Mr Tillerson said that world energy demand would rise by 45 per cent by 2030, and fossil fuels – oil, natural gas and coal – were the only energy sources of sufficient size, adaptability and affordability to meet the world’s needs.

Mr van der Veer casts doubt today on the oil and gas industry’s ability to keep up with accelerating demand. “Just when energy demand is surging, many of the world’s conventional oilfields are going into decline,” he writes.

Although there is no shortage of oil and gas in the ground, Mr van der Veer says, the industry currently lacks the technology to recover even half of that resource.

Mr Tillerson, speaking at Chatham House, expressed doubts about the oil industry’s ability to raise its game significantly without access to the oil reserves of the Opec countries of the Middle East.

“The supply outlook for nonOpec countries will be modestly up or flat,” Mr Tillerson predicted.
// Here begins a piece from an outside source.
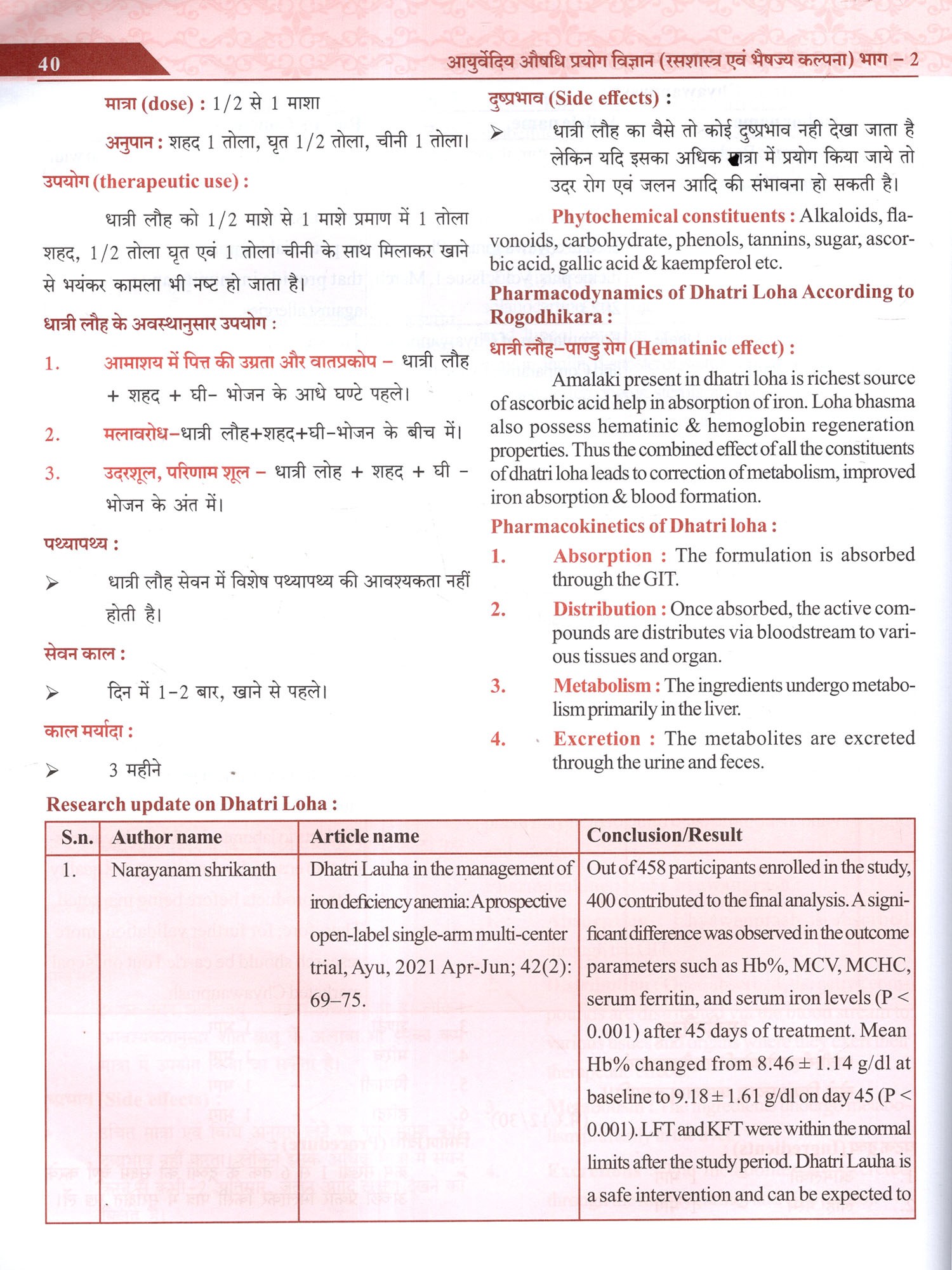 आयुर्वेद के क्षेत्र में दिन-प्रतिदिन और भी अधिक अन्वेशणात्मक कार्यों की आवश्यकता है। आयुर्वेद के प्रोत्साहन में पुस्तकके लेखनकार्य में लेखक डॉ. अनिता कुमारी एवं डॉ. अनिल भारद्वाज का कार्य सराहनीय पूर्ण है। मेरे विचार से यह पुस्तक स्नातक एवं स्नातकोत्तर के छात्रों और शिक्षकगणों के लिए उपयोगी सिद्ध होगी।

He was sceptical about the drive by governments to increase use of biofuels and said that a fifth of America’s corn crop was being used to produce four billion gallons of ethanol, compared with targets of 12 billion gallons by 2012.

The ExxonMobil chief criticised the EU’s carbon trading system, calling it an administratively complex system that lacked transparency and failed to deliver a uniform and predictable cost of carbon. “It’s all about moving the money around,” he said.

Mr Tillerson said he would prefer a carbon tax that would enable the cost of carbon to spread through the economy in a uniform way, letting governments use the revenues to mitigate its effect by reducing employment or income taxes.